I agree it is a good idea to get the goals and requirements in order. But I also believe the requirements have been discussed enough and expressed in enough places, that work on the model is overdue. See my own list of Better GEDCOM requirements, where one of them is the development of a genealogical data model that is comprehensive enough to encompass the models of GEDCOM and all current genealogical software applications. This in my mind is the KEY REQUIREMENT of Better GEDCOM, and there is nothing to hinder immediate work on that requirement. WE KNOW that THAT requirement is the KEY to EVERYTHING. We know it is on the CRITICAL PATH for reaching the Better GEDCOM goals. All my efforts on Better GEDCOM have been to push forward in this area. I have found documents that describe models and made them available. I have summarized and reported on most of those existing models. I have put forward my own DeadEnds model as a proposed starting point. I have written long posts describing many key issues in genealogical data models and provided examples to demonstrate many of the issues involved. My biggest concern about Better GEDCOM is simply that the amorphous, chaotic wiki-structure we are using will be unable to support the solution of such a multi-dimensional and complex problem. Let me go on record that I am an old-fashioned technical geek. I have worked on the development of a wide array of complex systems for AT&T Bell Labs, Lucent Bell Labs, Tellabs, and three internet startups, where I have been chief software architect in most cases, and coordinator of large architectural efforts (hardware, software, physical) in others. ALL the SUCCESSFUL complex problems I have ever been involved with were solved by putting together experienced teams of persons, with an organized structure of committees and leadership, to get things done. So far it has been my experience that a bottom up, democratic, amorphous, chaotic, evolving group of persons discussing things on a wiki is NOT a successful way to solve a difficult problem. This is my biggest concern about the viability of Better GEDCOM to get anything done before inertia and frustration take their toll.

Tom
ttwetmore 2011-03-08T12:01:46-08:00
OpenGen and the Hierarchical Evidence and Conclusion Model
I attended the OpenGen Webinar on 8 March 2011. At the meeting it was decided to adopt the hierarchical model for handling Evidence and Conclusions for both the Person and Event Entities. As in the DeadEnds model, each Person instance can refer to any number of "lower level" Person instances that provide the Evidence/Provenance/Justification/Research-Notes for the "higher level" one. This tree can be built up into multiple layers, with higher level Conclusions based on lower level Conclusions, but the whole tree ultimately based on the Evidence instances at the "leaves". Ditto for Events.

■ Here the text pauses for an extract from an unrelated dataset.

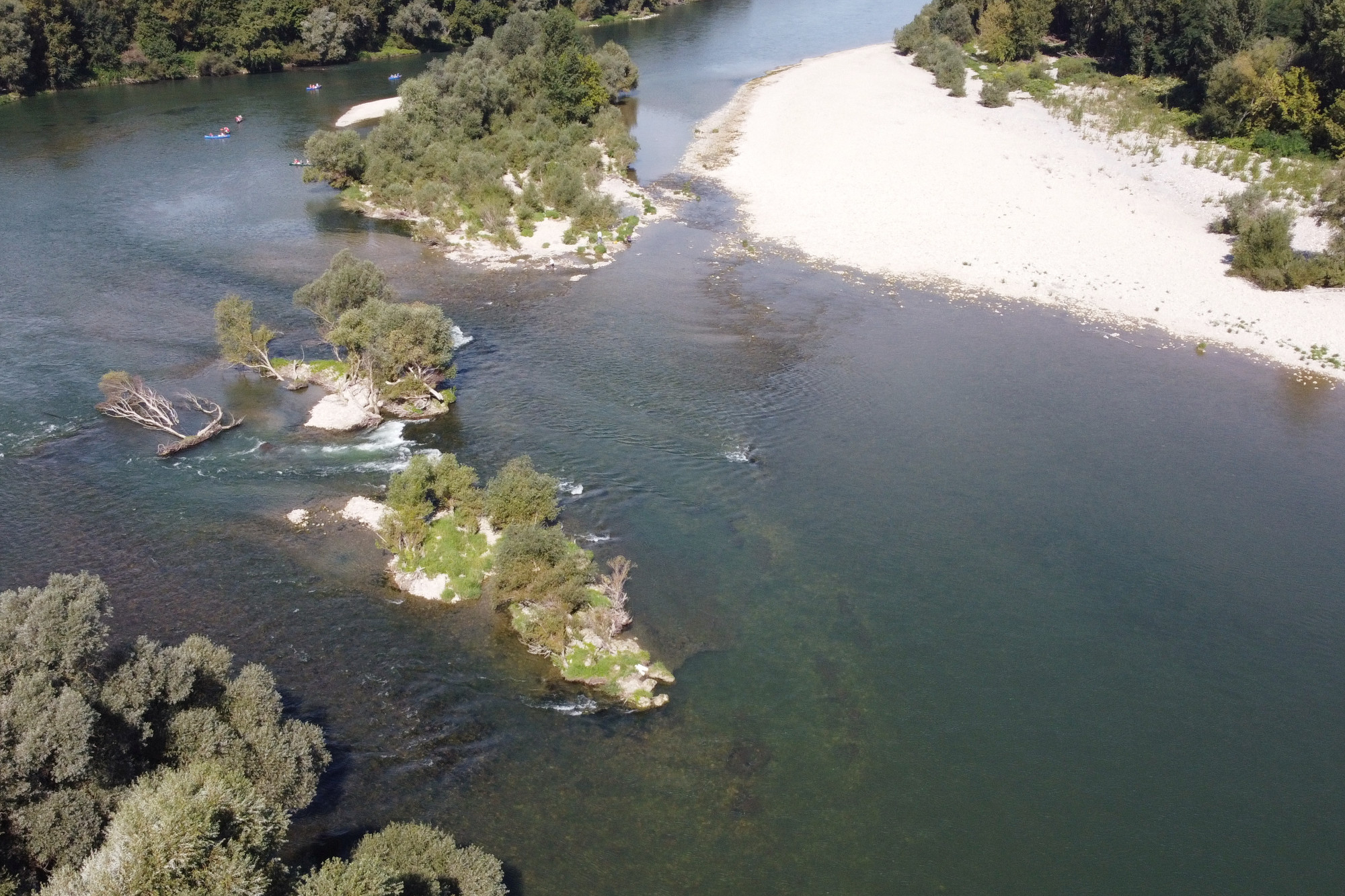 Inseln und kleinere Stromschnellen im Fluss – etwas wilder geht’s auf dem Altrhein ab Istein zu

ttwetmore 2011-03-08T16:23:53-08:00
I should have added that this decision on OpenGen's part is bit of a turnaround. At their meeting two weeks ago, the prevalent idea was that evidence should be the responsibility of the application programs, and that only conclusions should be transported between programs or archived in OpenGen files. That approach would not allow genealogical systems to share evidence. So OpenGen now accepts that evidence should be included when transporting and archiving data.